Reflecting back on the project my group and I undertook to create interactive Halloween pumpkins and storm clouds, it is clear that I embraced the concept of cognitive flexibility. My journey through the project included learning new skills, troubleshooting, and adapting to a changing environment. My willingness to explore Velostat, try out different voices, and tackle the challenges of connecting CPDs demonstrates my openness to different perspectives and problem-solving approaches. In terms of the impact of cognitive flexibility on problem solving, my experience highlights the importance of considering multiple perspectives and being open to alternative solutions. The process of debugging and tweaking my circuit design and finding creative solutions to make the pumpkin stand up illustrates how flexibility in thinking can lead to more effective results.

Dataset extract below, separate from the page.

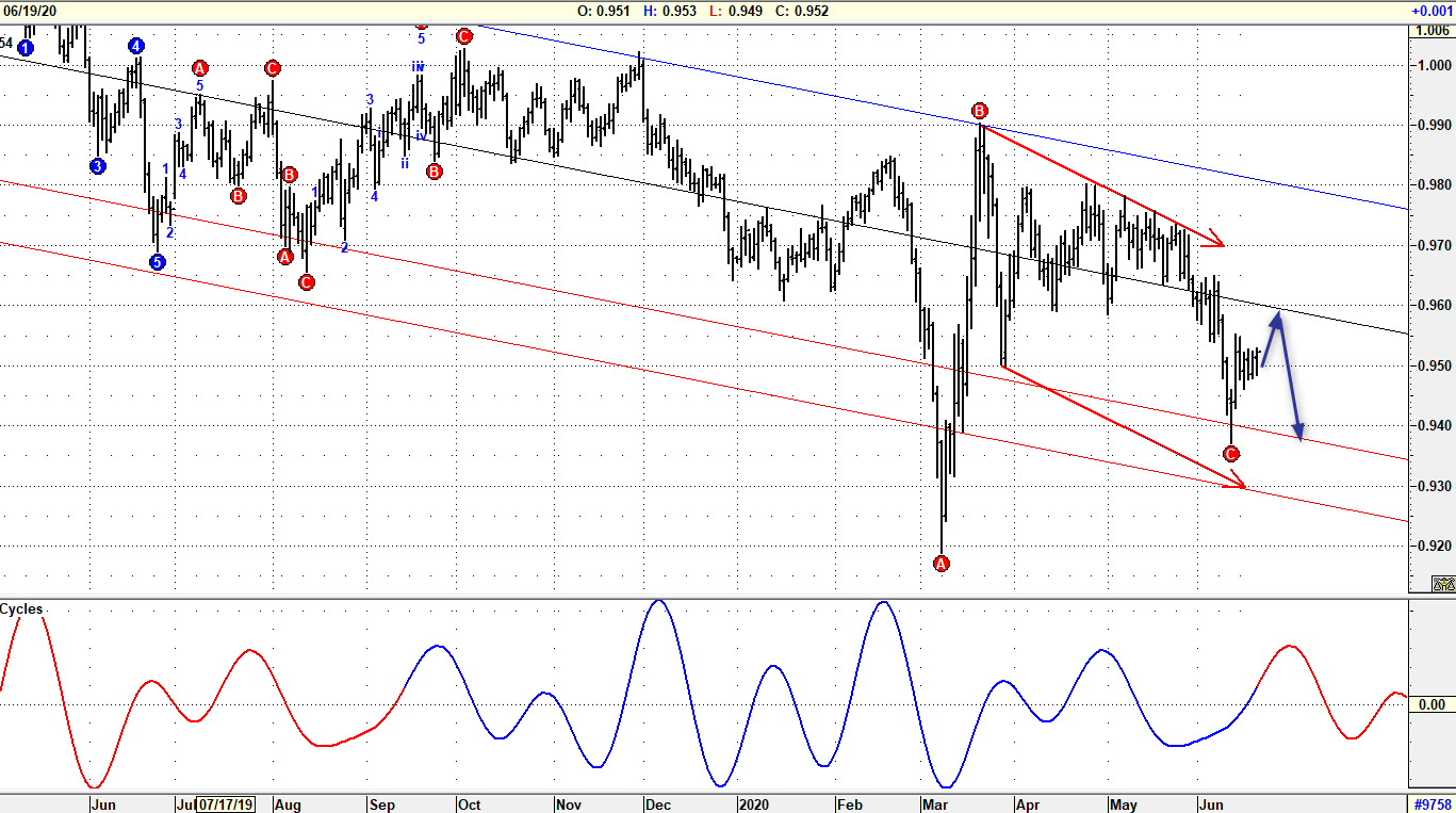 Fino a quando le quotazioni di USDCHF rimarranno sotto 0.965 le prospettive neutro-ribassista già delineate nei precedenti report rimarranno invariate. Strutturalmente il bias rimane quindi neutrale, con la formazione di un supporto tecnico a breve termine, formatosi a 0,937. Implicazioni positive vanno per il momento riferite alla tenuta di quota 0.950, sulla quale potrebbe poggiare un nuovo allungo verso quota 0.962 dove incrocia la MM a 55giorni. Ovviamente un ritorno sotto 0.937 farà propendere verso una nuova fase ribassista con target stimato in 0.901. Da seguire adesso le modalità di allungo, che per il momento assumono caratteristiche di una semplice correzione rialzista, rispetto alla discesa innescata sui massimi di aprile a 0.99.
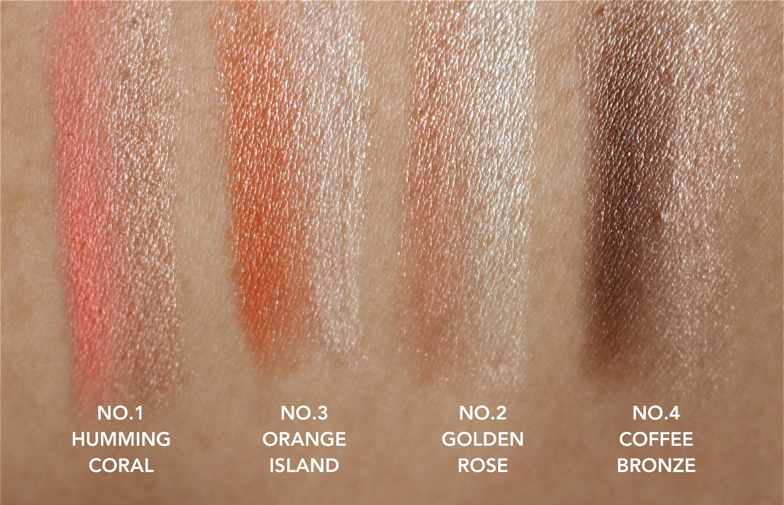 I like No. 4 Coffee Bronze the most since it's not as emollient as the other three shades. The rest I plan to use as highlighters since I hate to put great colors to waste. ^_^

Cognitive flexibility has been an invaluable asset in my wider learning journey. It has enabled me to explore a variety of courses and specialisms even beyond my initial intentions, developing a well-rounded skill set and the ability to adapt to different challenges. This teamwork project experience has made me more aware that sometimes sticking to a rigid plan can hinder progress, and that the ability to pivot and adapt can lead to better outcomes.

Looking back, when I initially found myself struggling with pumpkins and having trouble getting the cotton to be wrapped, I solved the problem by seeking out Sophia and Edlyn’s solutions from different perspectives. In this case, we explored the possibilities of stapling and sewing, and in the end sewing won out. It does show that sometimes it is perhaps not as beneficial to stick to one of your plans as it is to move on to a new one. Adaptability is a strength and sometimes a change of direction is the wisest choice. What I would say to my former self is to stay open to new possibilities and not be afraid to embrace change when it leads to better results.